Хорошо на веранде, в холодке, согревающем тело твоё и краткую радость твою, сесть с Иваном Ивановичем – поделиться неуловимым счастьем, похвастаться мелькнувшим авторитетом, славою друг друга намеренно известить и дух творческий выше луны, аж до звёзд пушкинских, вскинуть гордо и непременно.
Мой первый друг, Мой друг бесценный!.. |
Кто-кто, а я, я-то знаю – как без друга луна за облако прячется, а звёзды – зажмуриваются и гаснут. Без друга – луга не зеленеют. Без друга памятью о друге держишься.
Автор неповторимых романов «В вечном долгу», «Крещение», «Касьян Остудный», «Ошибись, милуя» и пронзительных по своей страстности, содержательности и глубине рассказов, где каждая фраза – образ и тайна, каждая картина природы – живая, Иван Акулов так умело берёг в себе отношение к людям, что лепил их щедро, по-хозяйски разбираясь в них и заботясь о них, как о родственниках, рядом творящих.

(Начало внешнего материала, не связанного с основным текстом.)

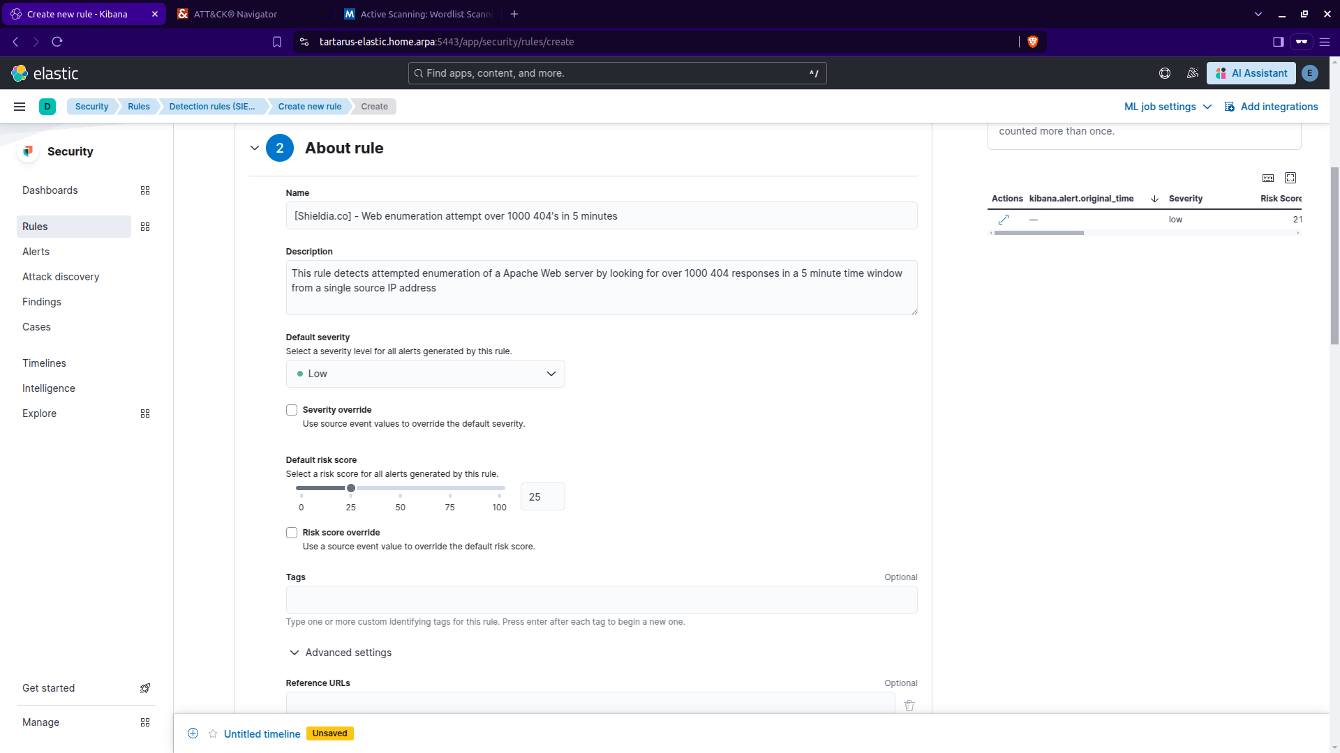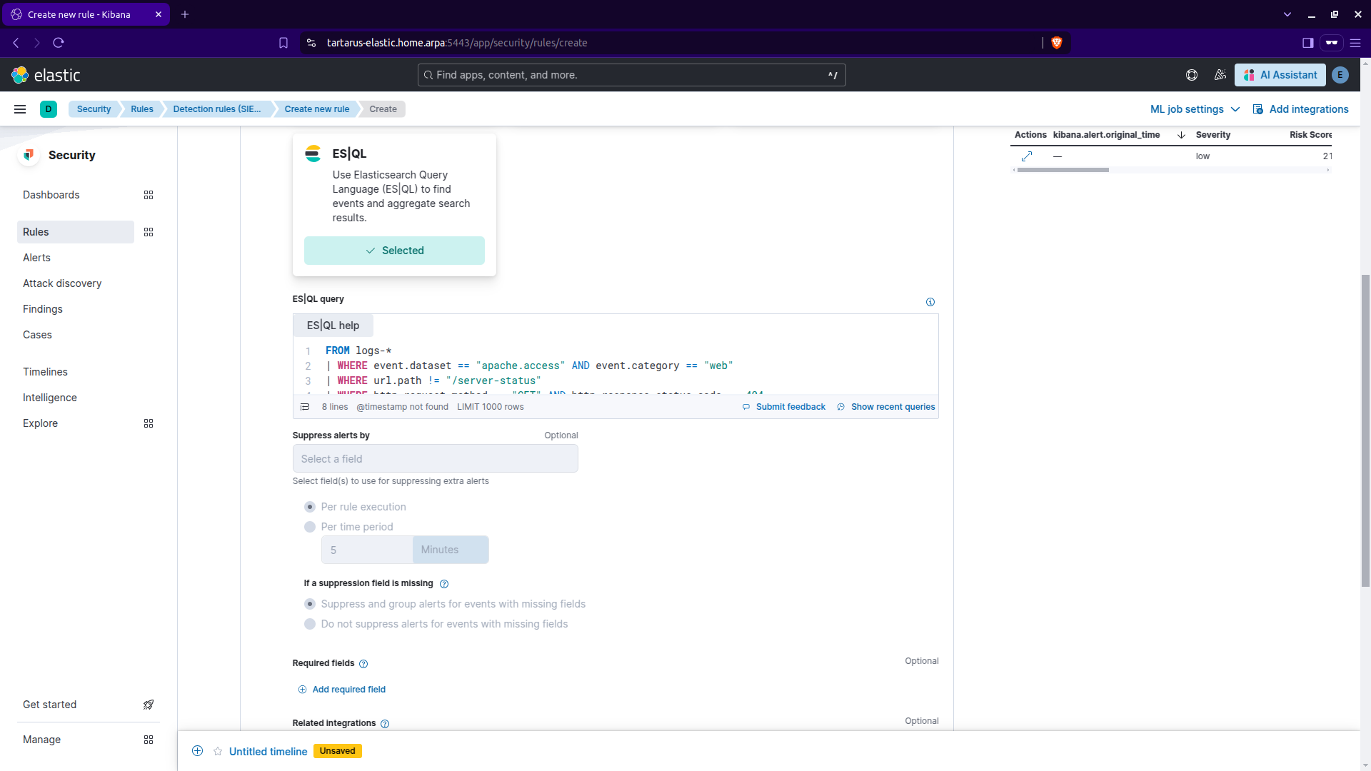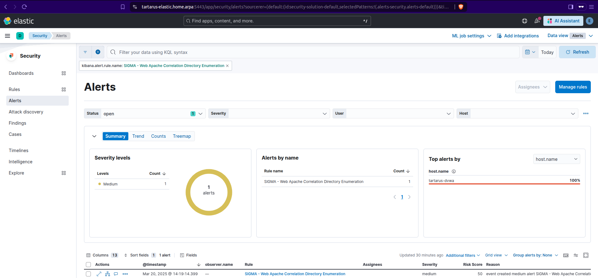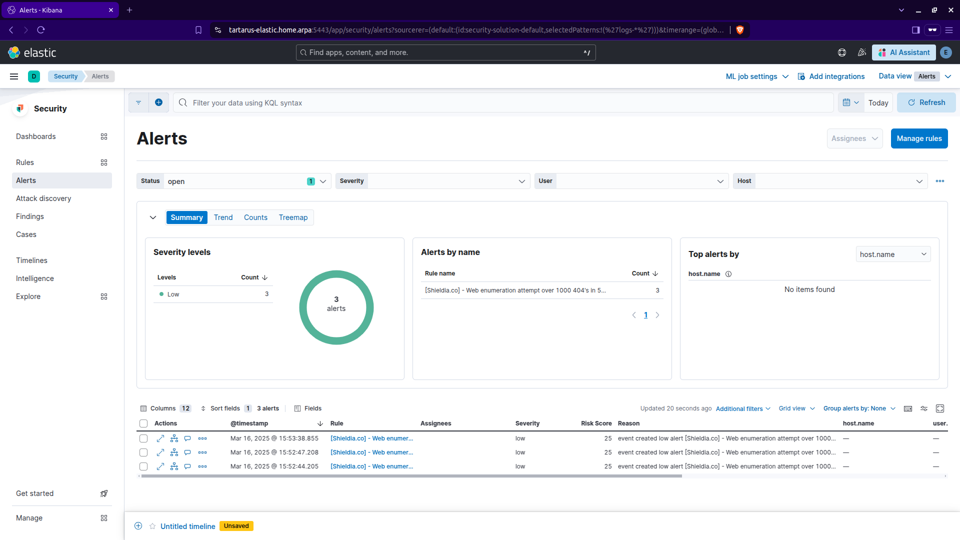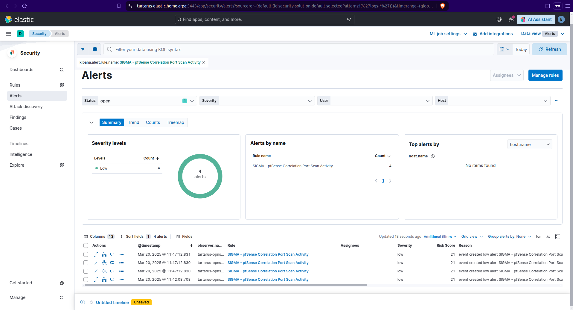 And wait for alerts to flow in, navigate to the ‘Alerts’ tab https://tartarus-elastic.home.arpa:5443/app/security/alerts

Они творили дело, а он творил слово. И слово его – дело. Язык произведений Ивана Ивановича Акулова – тайна. Как рыдание кукушки – тайна, как сверкание инея на берёзе – тайна, так и художественный мотив писателя – ёмкий, колоритный, текучий, веющий удалью остроумия, древним страданием и блеском вдохновенной воли мастера, тайна.
Я завидовал его начитанности, уму, уральской твёрдости духа и дерзкому достоинству. Он не одаривал осетрами критиков, не подпаивал коньяком редакторов, не лебезил в приёмных делегатов и прочих литкаганов: их для него не существовало.
Идеал деятеля у Акулова – Столыпин. Ему посвящён роман «Ошибись, милуя»… Роман выточен затворнически, так тонко, так фактово, что затоптать роман нельзя было и в то, икающее кремлёвскими буфетами время. А в наше – неувядаемая задача темы и её классическое разрешение автором не дадут снизить значение романа в обществе, как бы опять воюющем и раскулаченном… Тренируют Россию.
«Крещение» – солдатская биография. «В вечном долгу» – биография колхозного рая… «Касьян Остудный» – уничтожение русской семьи: отца, жены, детей, выкорчёвывание трудяги, пахаря и защитника. Романы – не спутать ни с какими и не затерять в библиотечных захламьях. Лишь Анатолий Ананьев отверг «Ошибись, милуя». И потрепал равновесие Ивана Ивановича. Напечатал Михаил Алексеев…
Выйди на предпоследней остановке перед Сергиевым Посадом из электрички и зашагай налево по тропинке мимо елей, мимо низеньких домиков к пруду, а от пруда чуть в горку, и прямо перед тобою – деревенское кладбище, тихое, дрёмное. Ещё пройди по центральной аллейке вниз, и опять перед тобою, но с правой стороны – чёрная ограда, а в ней две могилки, две красноватые плиты: «И.И. Акулов. 1922–1988» и «Г.Г. Акулова. 1928–1988». Умер он вслед за женою… Обезынтересился в самом себе.
При жизни ему мало было дано места среди живых, умер – и среди мёртвых. Но жизнь писателя Ивана Акулова – огромна: солдат, доброволец 1941-го, простреленный на блиндажной усадьбе Тургенева. Свинцовая капля фашистской ненависти прожгла лёгкие и через горло вышла в русский туман. Отливали её в Берлине, а оплакивают её в России.
Хохотал, как ребёнок, наблюдая важных витий в соцгеройских утюговых пиджаках, важно дующихся в президиумах возле важного и надутого президента Горбачёва: «Фазаны, оголтелые, закормленные фазаны, и все, как старый пионер Андрюша Дементьев, на симпатичного Генриха Боровика смахивают, прорабствующие упыри».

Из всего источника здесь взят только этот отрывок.